2006 - Year of the Vag

It's almost the new year. I just got used to seeing "2006" in all my correspondence. Now I have to bump it up to '07. When you've spent all your life writing 19_ whatever, it's very weird to to write 2000+. It feels like a work of fiction every time you date a check. But it's true--it really is the 21st century. Do you think when it's 2525, anyone will remember that bummer of a song from 1969 by Zager and Evans? Maybe--if man is still alive, and woman can survive, they may find...

Can I be the first to proclaim 2006 as the year of the vagina? The year the vagina made itself known in all its once-hidden glory? Don't be squeamish. Vaginas have been around a long, long time. If they're finally getting a day in the sun, I say, "Welcome--welcome internal genitalia and birth canal."

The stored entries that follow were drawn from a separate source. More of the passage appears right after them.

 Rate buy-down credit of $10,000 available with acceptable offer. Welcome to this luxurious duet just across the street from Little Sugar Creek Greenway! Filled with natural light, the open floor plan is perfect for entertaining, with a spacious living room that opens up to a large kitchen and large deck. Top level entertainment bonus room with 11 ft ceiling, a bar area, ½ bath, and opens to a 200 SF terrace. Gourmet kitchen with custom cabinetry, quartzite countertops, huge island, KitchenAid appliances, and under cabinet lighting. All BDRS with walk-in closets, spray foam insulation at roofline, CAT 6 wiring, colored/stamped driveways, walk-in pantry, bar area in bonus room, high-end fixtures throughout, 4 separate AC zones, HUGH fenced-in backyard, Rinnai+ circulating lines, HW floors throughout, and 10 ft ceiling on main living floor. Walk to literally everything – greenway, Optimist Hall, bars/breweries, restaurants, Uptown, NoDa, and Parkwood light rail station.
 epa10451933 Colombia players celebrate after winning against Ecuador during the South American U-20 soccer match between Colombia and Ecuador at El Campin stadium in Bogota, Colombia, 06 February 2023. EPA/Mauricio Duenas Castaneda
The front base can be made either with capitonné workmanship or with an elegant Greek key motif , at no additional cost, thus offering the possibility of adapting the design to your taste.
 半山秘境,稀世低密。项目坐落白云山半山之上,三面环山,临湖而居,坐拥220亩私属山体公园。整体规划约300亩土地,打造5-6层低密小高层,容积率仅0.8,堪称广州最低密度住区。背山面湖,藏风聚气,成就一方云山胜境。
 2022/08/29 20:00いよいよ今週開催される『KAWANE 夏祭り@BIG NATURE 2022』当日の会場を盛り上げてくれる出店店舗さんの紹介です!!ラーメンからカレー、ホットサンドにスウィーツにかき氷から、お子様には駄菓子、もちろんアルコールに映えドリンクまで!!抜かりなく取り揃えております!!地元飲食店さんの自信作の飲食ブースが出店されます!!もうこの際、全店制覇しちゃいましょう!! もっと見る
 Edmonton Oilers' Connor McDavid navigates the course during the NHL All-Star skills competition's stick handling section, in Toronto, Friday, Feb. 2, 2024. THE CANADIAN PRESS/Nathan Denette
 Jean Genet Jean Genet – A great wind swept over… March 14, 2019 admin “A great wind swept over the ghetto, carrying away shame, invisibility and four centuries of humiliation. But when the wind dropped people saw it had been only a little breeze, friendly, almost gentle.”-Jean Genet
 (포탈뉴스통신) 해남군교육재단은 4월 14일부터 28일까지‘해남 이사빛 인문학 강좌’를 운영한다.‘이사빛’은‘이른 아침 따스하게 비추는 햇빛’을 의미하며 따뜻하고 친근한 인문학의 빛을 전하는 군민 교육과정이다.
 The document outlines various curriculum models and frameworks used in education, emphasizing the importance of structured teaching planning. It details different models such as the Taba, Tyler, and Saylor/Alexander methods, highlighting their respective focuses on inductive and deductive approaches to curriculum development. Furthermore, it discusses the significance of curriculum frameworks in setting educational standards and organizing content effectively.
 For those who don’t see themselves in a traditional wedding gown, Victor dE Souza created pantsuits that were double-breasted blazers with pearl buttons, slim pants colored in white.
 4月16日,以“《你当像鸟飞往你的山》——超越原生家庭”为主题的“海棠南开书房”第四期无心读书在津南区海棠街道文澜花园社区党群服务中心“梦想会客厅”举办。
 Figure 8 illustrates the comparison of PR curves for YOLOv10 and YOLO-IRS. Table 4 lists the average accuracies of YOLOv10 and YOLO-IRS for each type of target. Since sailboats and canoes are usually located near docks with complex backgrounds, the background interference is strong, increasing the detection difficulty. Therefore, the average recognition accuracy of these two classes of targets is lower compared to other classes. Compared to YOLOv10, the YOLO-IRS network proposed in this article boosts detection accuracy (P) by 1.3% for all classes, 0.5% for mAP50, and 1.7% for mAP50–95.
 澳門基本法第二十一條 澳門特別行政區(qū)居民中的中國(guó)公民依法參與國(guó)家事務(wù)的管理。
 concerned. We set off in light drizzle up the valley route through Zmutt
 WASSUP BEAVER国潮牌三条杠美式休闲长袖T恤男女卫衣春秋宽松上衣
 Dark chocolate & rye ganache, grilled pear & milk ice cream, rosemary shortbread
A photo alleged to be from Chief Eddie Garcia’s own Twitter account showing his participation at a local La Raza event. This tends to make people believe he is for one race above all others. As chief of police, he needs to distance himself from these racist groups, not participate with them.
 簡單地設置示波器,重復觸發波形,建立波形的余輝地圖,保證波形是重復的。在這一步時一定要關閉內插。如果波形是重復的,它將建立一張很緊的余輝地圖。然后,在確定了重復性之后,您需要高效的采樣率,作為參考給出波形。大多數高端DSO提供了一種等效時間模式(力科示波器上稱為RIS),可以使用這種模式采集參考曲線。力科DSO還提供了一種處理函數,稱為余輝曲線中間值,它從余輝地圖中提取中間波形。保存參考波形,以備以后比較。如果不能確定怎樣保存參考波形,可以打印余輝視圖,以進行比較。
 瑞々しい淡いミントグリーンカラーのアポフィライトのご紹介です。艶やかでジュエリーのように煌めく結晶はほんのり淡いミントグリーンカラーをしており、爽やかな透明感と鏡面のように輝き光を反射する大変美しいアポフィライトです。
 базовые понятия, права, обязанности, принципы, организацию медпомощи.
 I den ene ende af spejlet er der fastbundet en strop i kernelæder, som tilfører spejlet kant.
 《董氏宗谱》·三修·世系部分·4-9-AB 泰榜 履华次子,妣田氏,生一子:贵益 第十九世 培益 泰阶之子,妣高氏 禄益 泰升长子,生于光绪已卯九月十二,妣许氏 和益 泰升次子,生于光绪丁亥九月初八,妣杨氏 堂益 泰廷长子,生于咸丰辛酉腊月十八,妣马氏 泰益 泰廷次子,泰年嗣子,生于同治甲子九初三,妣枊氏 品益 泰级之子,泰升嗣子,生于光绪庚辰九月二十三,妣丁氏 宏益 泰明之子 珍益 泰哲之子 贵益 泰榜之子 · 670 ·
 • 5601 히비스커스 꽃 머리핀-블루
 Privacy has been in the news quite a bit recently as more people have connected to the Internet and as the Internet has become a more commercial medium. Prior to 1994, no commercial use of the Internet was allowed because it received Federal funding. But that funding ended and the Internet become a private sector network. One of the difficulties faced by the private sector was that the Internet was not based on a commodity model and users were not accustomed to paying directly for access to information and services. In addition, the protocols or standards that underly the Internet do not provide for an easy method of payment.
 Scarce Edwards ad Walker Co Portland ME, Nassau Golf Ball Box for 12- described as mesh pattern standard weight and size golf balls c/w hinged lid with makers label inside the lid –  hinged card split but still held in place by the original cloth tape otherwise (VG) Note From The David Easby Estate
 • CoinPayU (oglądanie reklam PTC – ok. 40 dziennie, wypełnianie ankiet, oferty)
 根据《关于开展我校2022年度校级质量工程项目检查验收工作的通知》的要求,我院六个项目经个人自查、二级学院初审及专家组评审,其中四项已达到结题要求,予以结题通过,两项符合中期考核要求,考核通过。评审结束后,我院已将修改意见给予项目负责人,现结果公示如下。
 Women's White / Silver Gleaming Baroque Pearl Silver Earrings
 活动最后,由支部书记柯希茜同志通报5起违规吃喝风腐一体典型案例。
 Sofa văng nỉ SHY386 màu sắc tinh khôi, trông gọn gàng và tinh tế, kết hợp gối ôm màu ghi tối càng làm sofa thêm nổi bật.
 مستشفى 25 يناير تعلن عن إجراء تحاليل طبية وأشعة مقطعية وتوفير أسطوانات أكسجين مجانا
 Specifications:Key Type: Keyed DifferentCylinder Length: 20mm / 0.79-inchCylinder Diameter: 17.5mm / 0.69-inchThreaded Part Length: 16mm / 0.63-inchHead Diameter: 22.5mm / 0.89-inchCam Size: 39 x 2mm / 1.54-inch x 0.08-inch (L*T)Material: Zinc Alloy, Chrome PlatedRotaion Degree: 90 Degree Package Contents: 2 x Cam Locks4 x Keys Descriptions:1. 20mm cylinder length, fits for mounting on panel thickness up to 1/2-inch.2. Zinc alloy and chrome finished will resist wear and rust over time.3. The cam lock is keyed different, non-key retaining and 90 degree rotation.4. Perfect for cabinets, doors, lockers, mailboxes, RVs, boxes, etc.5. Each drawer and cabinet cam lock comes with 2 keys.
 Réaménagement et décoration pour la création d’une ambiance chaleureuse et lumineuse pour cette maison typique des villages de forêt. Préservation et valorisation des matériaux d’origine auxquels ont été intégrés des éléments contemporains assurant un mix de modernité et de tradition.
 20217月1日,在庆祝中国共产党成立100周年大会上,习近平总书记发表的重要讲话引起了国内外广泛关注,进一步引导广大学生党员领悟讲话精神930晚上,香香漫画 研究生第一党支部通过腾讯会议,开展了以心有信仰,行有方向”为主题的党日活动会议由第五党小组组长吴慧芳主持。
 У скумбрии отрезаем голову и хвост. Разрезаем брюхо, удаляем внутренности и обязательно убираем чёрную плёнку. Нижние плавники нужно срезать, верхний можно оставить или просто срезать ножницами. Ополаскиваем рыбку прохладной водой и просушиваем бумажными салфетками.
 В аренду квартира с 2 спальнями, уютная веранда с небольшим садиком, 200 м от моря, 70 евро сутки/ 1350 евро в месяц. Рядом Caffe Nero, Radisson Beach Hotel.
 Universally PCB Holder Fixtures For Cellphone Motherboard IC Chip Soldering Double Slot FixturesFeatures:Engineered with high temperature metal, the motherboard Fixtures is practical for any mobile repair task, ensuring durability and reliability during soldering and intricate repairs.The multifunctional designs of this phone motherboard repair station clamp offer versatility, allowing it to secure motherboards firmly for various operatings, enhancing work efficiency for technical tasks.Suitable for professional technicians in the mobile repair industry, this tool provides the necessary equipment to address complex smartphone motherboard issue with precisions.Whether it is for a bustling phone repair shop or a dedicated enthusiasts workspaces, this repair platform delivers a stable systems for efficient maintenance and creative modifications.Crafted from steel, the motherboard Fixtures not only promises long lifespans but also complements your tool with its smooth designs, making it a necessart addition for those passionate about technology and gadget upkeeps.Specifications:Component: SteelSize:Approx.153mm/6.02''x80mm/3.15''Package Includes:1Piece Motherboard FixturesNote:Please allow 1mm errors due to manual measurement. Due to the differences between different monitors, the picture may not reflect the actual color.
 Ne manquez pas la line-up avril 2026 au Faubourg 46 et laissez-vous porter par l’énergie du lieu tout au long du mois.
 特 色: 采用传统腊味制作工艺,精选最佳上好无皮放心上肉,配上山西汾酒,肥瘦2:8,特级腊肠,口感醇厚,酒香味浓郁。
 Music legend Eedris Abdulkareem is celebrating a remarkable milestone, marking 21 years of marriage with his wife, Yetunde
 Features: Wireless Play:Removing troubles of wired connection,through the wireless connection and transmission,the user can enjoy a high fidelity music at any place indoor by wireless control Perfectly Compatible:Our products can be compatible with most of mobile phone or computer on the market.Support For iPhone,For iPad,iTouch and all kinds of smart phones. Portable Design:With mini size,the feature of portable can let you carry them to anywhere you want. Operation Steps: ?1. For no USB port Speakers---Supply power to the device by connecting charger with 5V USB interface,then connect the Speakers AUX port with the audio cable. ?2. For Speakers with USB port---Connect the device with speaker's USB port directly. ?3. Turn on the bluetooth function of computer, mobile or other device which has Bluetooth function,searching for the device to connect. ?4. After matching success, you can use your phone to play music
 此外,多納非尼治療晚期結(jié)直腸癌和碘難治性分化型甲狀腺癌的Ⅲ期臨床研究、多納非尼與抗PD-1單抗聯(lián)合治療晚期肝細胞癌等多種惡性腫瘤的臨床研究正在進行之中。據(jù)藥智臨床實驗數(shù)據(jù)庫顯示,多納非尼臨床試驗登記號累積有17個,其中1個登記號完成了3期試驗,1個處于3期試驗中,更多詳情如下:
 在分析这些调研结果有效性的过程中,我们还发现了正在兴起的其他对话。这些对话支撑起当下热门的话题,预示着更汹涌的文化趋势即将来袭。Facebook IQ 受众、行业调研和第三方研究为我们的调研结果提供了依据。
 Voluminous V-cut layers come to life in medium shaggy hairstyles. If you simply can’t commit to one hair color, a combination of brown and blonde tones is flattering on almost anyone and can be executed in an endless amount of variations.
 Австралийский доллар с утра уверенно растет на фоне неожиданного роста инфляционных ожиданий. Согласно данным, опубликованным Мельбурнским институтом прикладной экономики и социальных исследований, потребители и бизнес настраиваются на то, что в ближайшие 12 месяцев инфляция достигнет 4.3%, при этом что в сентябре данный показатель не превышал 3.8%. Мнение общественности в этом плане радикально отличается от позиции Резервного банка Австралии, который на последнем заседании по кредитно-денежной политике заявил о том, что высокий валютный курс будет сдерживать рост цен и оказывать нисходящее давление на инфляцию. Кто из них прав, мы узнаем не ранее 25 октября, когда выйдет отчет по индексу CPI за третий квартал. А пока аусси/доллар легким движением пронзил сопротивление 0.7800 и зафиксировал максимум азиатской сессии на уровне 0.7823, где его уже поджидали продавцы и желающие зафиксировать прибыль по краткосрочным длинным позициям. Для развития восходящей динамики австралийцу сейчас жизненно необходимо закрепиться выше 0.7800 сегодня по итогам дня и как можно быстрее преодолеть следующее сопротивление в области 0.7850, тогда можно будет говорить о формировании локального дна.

Back in 2004, Richard Avedon clicked a shot of Chan Marhsall's (a.k.a. Cat Power) pubic area peeking out of her jeans. The snowball trend started barreling down our consciousness hill and we're now in full-on vagina mode.

From Madonna's disco-enriched camel toe, to the Hollywood "It" girl crotch-shot trio (Paris, Lindsay, Britney), the vagina is making itself known, loud and clear. And if you're a bit modest and you don't want to acknowledge the new out-and-about photo op--too bad! The vagina is here to stay!

Remember how shocking Sharon Stone's "accidental" up-the-dress scene was in Basic Instinct? As the cigarrette ad once proclaimed, "You've come a long way baby!"

What will 2007 bring? I say, bring on the penis.